Through a series of new readings of major authors and works, from Plato to Piers Plowman, Breen illuminates how medieval personifications embody the full range of positions between philosophical realism and nominalism, varying according to the convictions of individual authors and the purposes of individual works. Recalling Gregory the Great’s reference to machinae mentis (machines of the mind), Breen demonstrates that medieval writers applied personification with utility and subtlety, employing methods of personification as tools that serve different functions. Machines of the Mind offers insight for medievalists working at the crossroads of religion, philosophy, and literature, as well as for scholars interested in literary character-building and gendered relationships among characters, readers, and texts beyond the Middle Ages.

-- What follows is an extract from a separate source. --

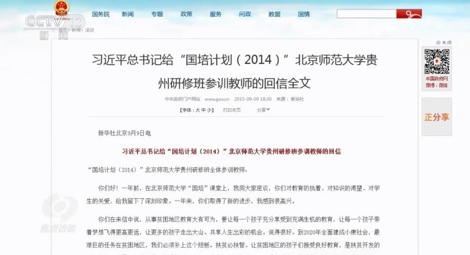 2015年8月,黃俊瓊和一起參加“國(guó)培計(jì)劃(2014)”北京師范大學(xué)貴州研修班的其他教師給習(xí)近平總書(shū)記寫(xiě)了一封信,匯報(bào)他們一年來(lái)的工作。很快,習(xí)近平總書(shū)記給他們回信了,在信中,總書(shū)記勉勵(lì)他們,努力做教育改革的奮進(jìn)者、教育扶貧的先行者、學(xué)生成長(zhǎng)的引導(dǎo)者,為貧困地區(qū)教育事業(yè)發(fā)展、為祖國(guó)下一代健康成長(zhǎng)繼續(xù)作出自己的貢獻(xiàn)。

Part I Prudentian Personification
Chapter 1 Consecratus Manu: Men Forming Gods Forming Men
Chapter 2 How to Fight like a Girl: Christianizing Personification in the Psychomachia
Part II Neoplatonic Personification
Chapter 3 Ex Uno Omnia: Plato’s Forms and Daemons
Chapter 4 Oh, Nurse! The Boethian Daemon
Part III Aristotelian Personification
Chapter 5 E Pluribus Unum: Abstracting Universals from Particulars
Chapter 6 Dreaming of Aristotle in the Songe d’Enfer and Winner and Waster
Chapter 7 A Good Body Is Hard to Find: Putting Personification through Its Paces in Piers Plowman
Review: Fiona Somerset, author of Feeling like Saints: Lollard Writings after Wyclif:
“Machines of the Mind persuades its readers to think more systematically about the types and uses of personification. Breen clears away some forty years of confusion about medieval philosophical positions on realism and so-called nominalism, clearly differentiating them from the postmodern nominalism of twentieth-century high theory and imaginatively reconsidering their implications for literary representation. Her schema will allow future scholars to differentiate Platonic, Neoplatonic, moderate realist, and nominalist strategies for personification while also recognizing that many medieval works may employ multiple types at once. This book will remain a reference point for many years to come.”